• Instructions for the task
Print the lines that run from the line with "本体の電話帳データ/カレンダ" to the line with "適當(dāng)布置交通島限", keeping both end lines, exactly as they appear in the entries below, and nothing else.

• Data shown
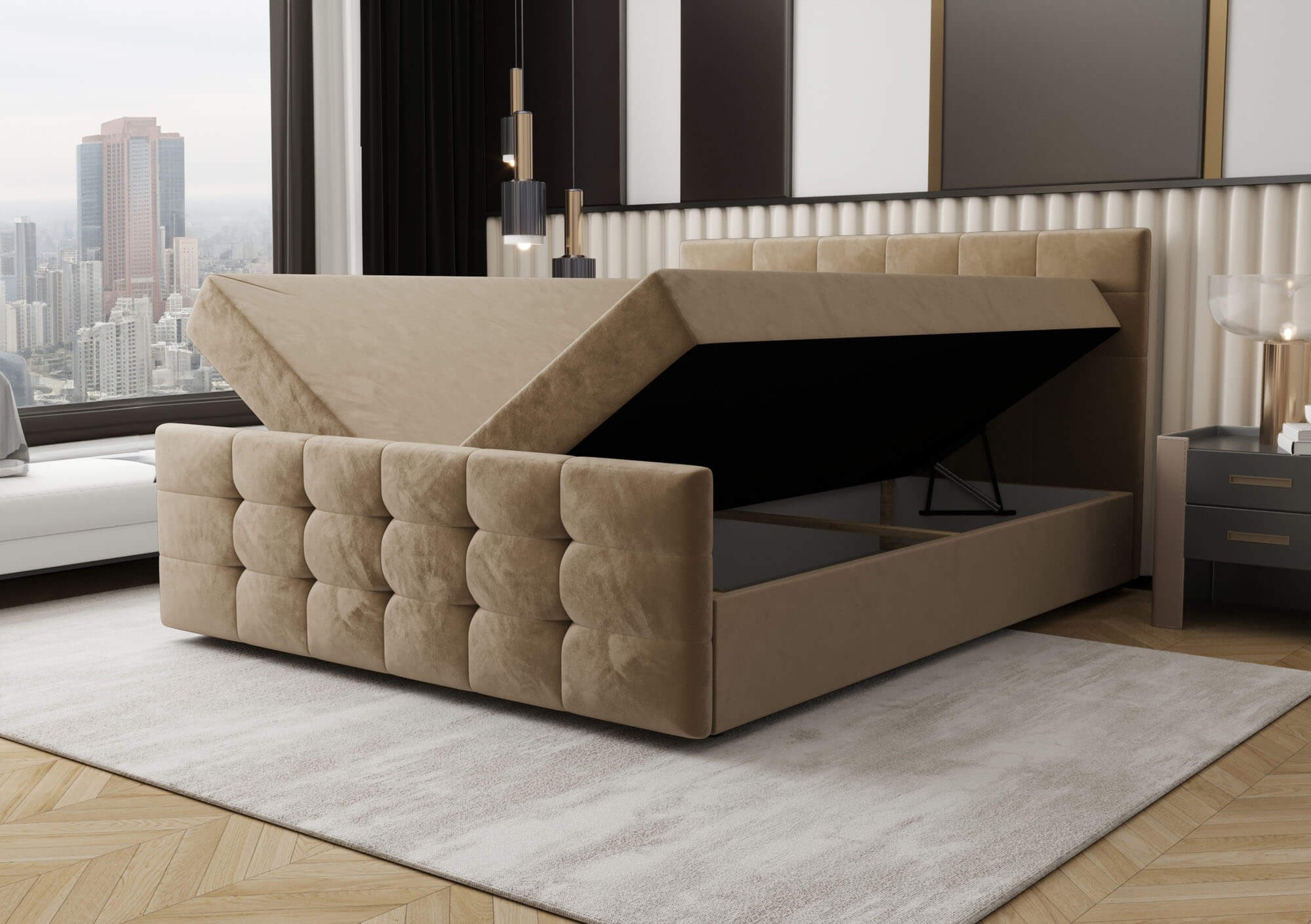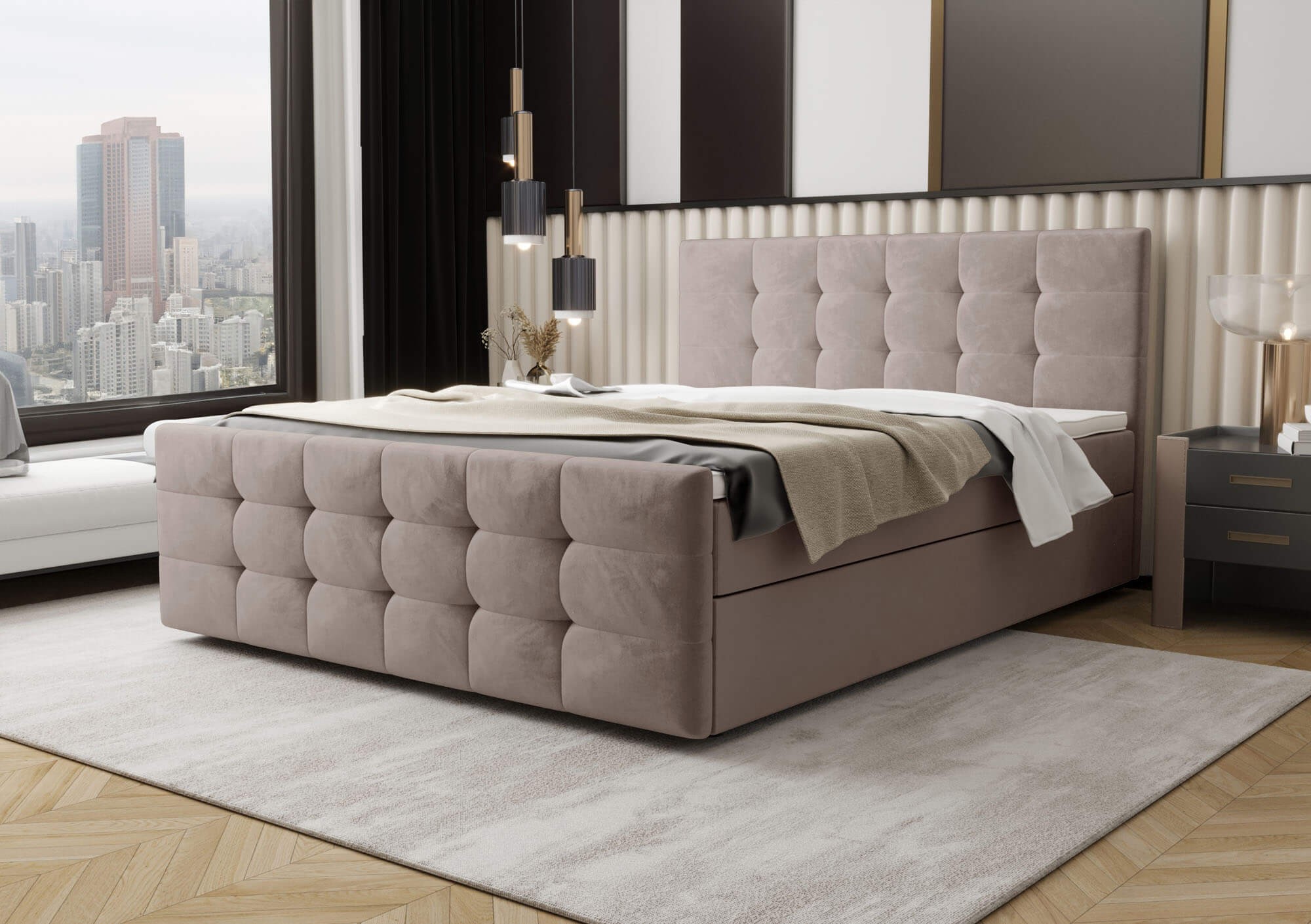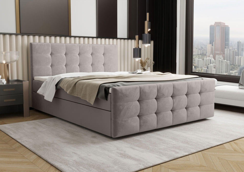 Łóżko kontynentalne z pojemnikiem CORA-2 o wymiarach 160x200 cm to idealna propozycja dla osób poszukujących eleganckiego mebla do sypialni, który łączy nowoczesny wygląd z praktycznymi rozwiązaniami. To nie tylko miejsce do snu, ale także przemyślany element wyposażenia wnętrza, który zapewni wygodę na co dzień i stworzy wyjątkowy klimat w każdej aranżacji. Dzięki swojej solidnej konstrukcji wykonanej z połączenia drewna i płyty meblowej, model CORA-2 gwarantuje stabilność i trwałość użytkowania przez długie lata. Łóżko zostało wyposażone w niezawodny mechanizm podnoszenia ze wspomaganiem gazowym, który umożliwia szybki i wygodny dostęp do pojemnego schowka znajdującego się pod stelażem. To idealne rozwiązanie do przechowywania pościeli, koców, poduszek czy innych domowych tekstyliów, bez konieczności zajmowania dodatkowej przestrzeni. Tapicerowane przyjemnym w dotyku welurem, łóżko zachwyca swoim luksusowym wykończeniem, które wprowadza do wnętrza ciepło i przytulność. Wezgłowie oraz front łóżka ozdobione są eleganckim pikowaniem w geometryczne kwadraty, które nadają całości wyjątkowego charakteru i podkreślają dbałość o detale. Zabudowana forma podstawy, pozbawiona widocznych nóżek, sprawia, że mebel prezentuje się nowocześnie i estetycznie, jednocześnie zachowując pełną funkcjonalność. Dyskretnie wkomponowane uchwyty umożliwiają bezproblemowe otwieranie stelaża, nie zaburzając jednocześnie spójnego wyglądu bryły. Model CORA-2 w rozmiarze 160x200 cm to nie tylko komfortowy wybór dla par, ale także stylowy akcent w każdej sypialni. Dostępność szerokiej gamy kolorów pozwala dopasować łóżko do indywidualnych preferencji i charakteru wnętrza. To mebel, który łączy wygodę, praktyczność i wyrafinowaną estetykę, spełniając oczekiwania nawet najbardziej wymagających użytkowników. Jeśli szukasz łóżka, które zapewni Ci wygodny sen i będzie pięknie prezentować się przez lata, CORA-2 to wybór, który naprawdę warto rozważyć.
---
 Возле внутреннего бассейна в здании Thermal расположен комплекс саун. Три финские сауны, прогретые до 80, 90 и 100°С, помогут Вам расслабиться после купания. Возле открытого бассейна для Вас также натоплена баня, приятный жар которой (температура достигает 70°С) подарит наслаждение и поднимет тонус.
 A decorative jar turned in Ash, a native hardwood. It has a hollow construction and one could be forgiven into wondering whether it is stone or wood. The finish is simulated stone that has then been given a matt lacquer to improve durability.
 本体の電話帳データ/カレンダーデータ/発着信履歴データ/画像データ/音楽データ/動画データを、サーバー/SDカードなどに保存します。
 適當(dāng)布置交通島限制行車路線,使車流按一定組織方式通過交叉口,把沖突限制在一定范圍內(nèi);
--
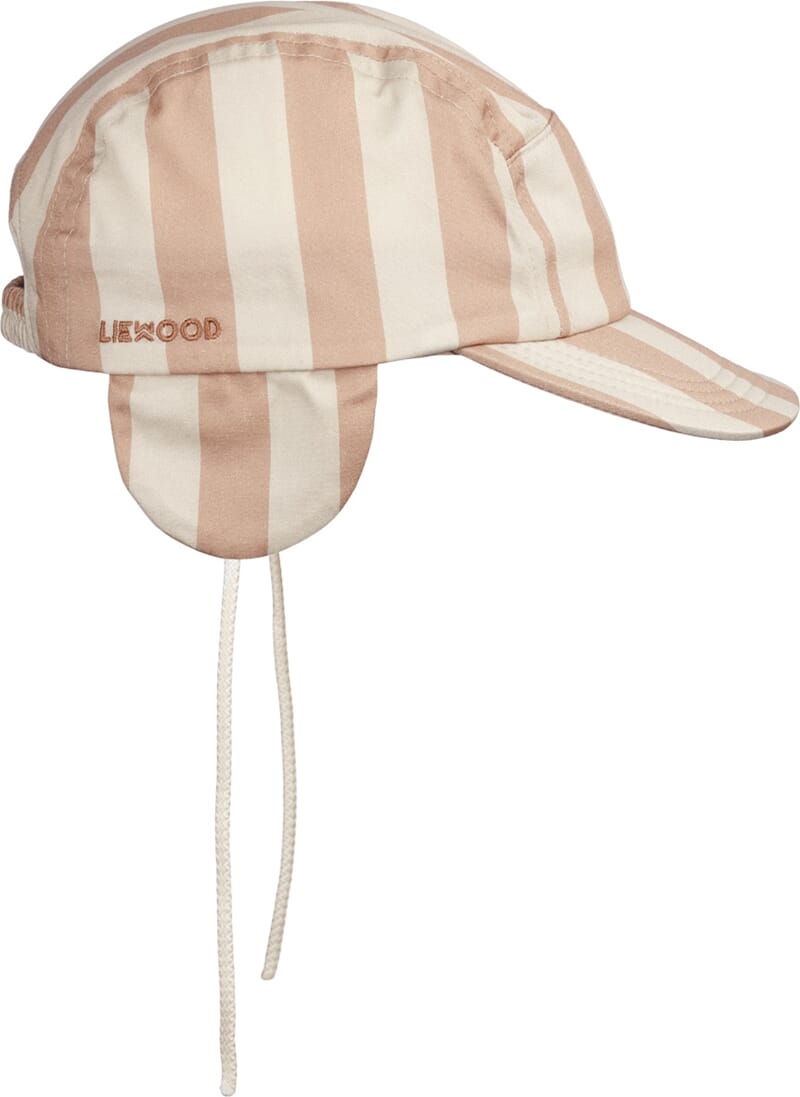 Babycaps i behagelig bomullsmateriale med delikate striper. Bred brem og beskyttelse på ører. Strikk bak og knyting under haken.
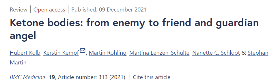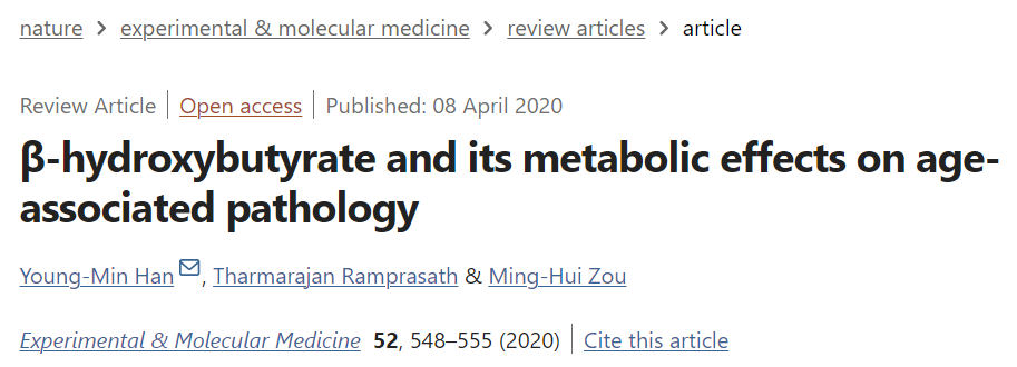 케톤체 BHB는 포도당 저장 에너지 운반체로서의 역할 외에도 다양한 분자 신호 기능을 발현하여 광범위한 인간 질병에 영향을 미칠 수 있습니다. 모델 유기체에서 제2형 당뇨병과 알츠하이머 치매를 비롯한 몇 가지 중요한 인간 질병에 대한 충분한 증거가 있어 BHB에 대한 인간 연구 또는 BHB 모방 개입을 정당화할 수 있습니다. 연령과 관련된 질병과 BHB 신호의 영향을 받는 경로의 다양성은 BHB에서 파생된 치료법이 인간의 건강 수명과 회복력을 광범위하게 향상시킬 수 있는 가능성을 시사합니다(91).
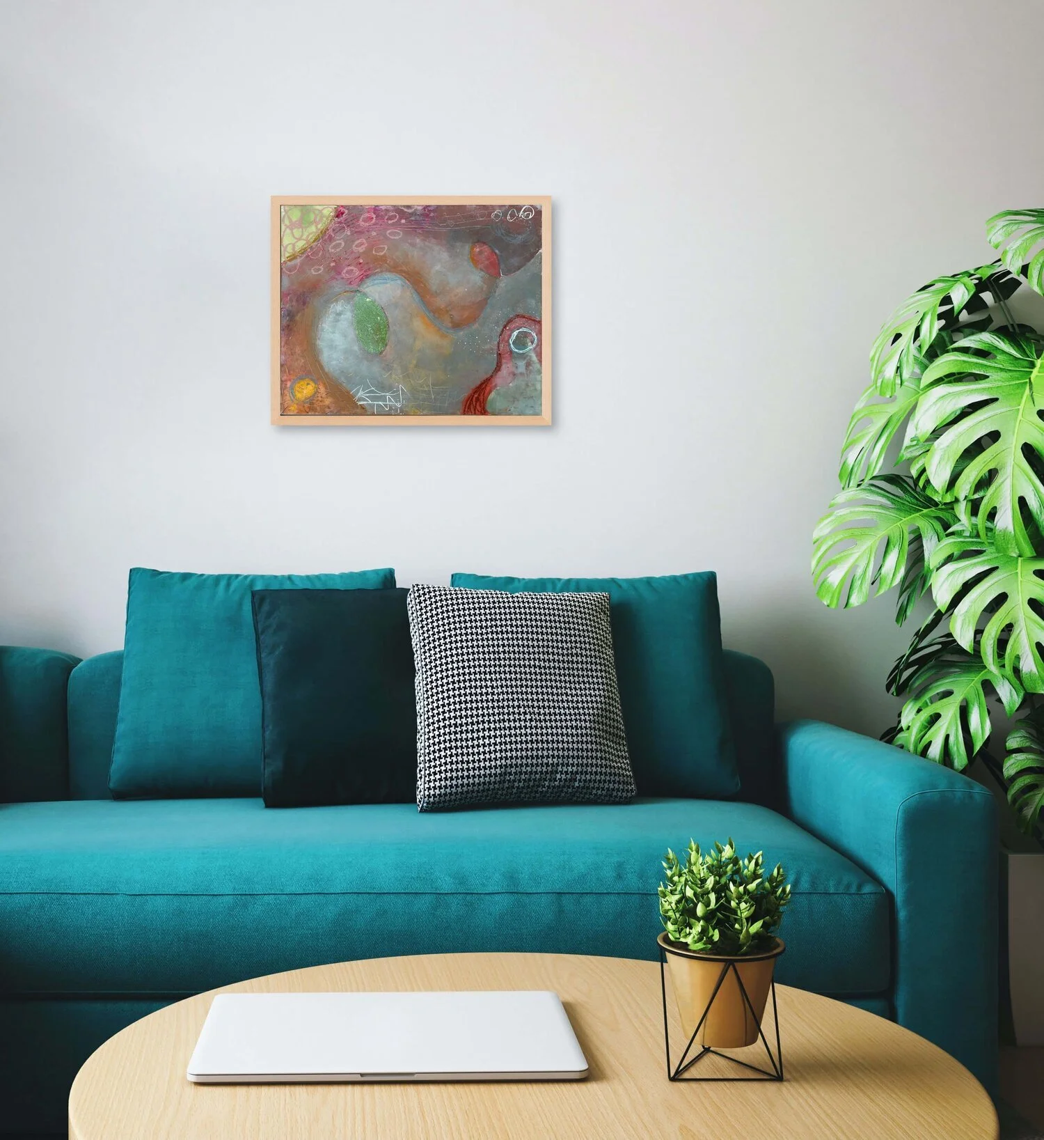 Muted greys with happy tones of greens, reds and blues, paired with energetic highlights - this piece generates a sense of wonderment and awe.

• Final answer
 本体の電話帳データ/カレンダーデータ/発着信履歴データ/画像データ/音楽データ/動画データを、サーバー/SDカードなどに保存します。
 適當(dāng)布置交通島限制行車路線,使車流按一定組織方式通過交叉口,把沖突限制在一定范圍內(nèi);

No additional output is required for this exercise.